While a few gig economy firms have already practised steps to attempt to stop the expanse of COVID-19 amongst its workers, Sen. Mark Warner (VA) is urging them to go ahead and consider assuring workers don’t suffer financial outcomes as a consequence of the virus.
In different letters to Uber, Lyft, Instacart, Postmates, Grubhub and DoorDash, Sen. Warner set out a few ideas.
The Idea’s Proposed
The first involves building a unique coronavirus health stock that would be open to gig workers if they require to take time off to get examined or self-quarantine.
The additional idea is to give workers their usual average pay, even if they can’t serve their regular average hours.
Uber, in a comment, said it is examining alternatives to repay drivers who might be affected.
In a statement, a Lyft spokesperson told that the company admires Sen. Warner’s direction but did not explicitly specify possible compensation.
DoorDash, meantime, says it intends to join in with Sen. Warner now regarding “innovative solutions” that help to improve the well-being of DoorDash’s delivery operators.

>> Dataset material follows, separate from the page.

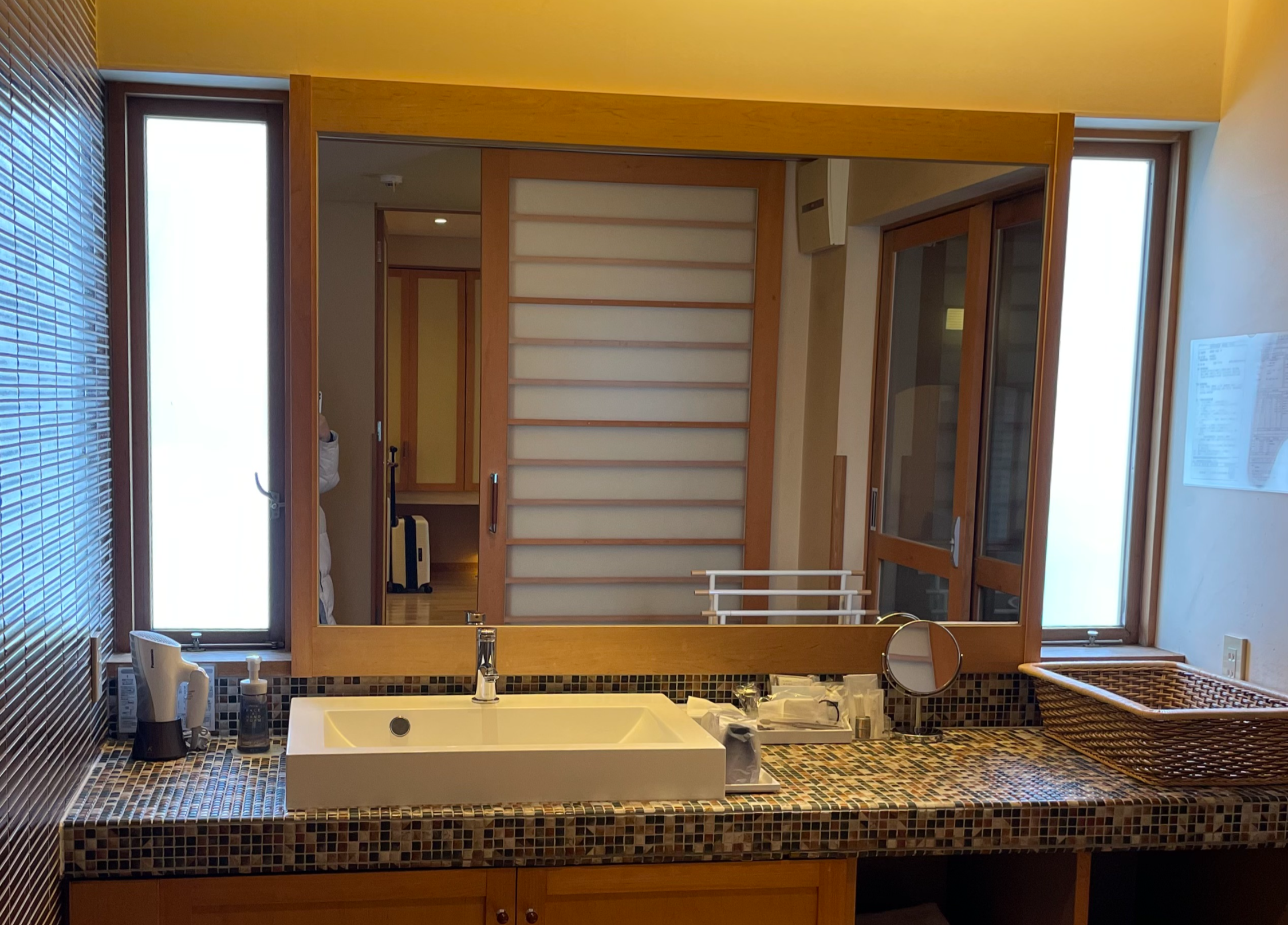 온천과 연결되는 공간에는 세면 공간이 엄청 큼지막하게 있다. 다른 료칸은 대욕탕이 아닌 이상 이런쪽 영역을 되게 작게 빼는데, 수건도 넉넉하고 어메니티도 넘쳤다. 정말 좋은 곳에 묵고 있다는 느낌이 들어서 행복했다!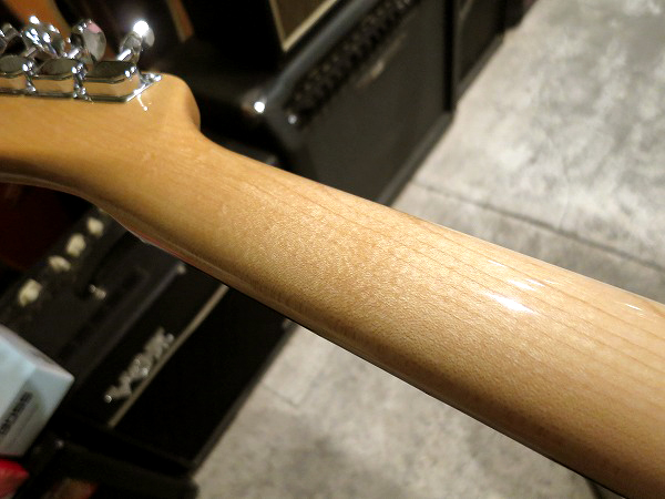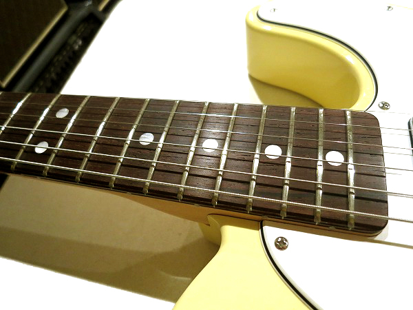 Shopによるヴィンテージ・リイシュー系モデル、 今回入荷したのは2011年限定生産の希少レアモデル、1967年仕様のテレキャスターです。 メイプルネック+ラウンドボード・ローズウッド指板、ハード・セレクテッド・プレミアム・アルダーボディで 木材はいずれも、木目、導線、色味も非常に上質な、トップクラスの木材が使用されています。 ネックはラージCシェイプでやや丸みのあるしっかりとしたネックシェイプで、 太いサウンド、抜群の鳴り感を実現しています。生鳴りも非常に良いです。 ネック、木が響いている感じですね。 この年代の特長であるラウンドボードはラディアス

Postmates, which lately introduced up contactless delivery choices, says it will proceed to give information with its line of workers as the leadership from the Centers for Disease Control and Prevention develops.
Additionally, Postmates stated it intends to notify Sen. Warner’s office with its intentions to “invest in the well being of their resilient workforce.”
GruhHub, similarily, further says it’s centred on the wellness and security of its drivers, consumers and restaurant associates.
This focus on the acknowledgement of gig economy businesses comes at a point when several of them are attempting to fight a new California gig worker security law, which would make it tougher for these businesses to label workers as independent builders.
Companies Outside The Gig Marketplace
Outside of the gig marketplace, firms like Microsoft and Facebook have been more proactive in this field.
Microsoft, for instance, has pledged to pay hourly operators their usual wages even if they are incapable of working as a consequence of COVID-19 concerns.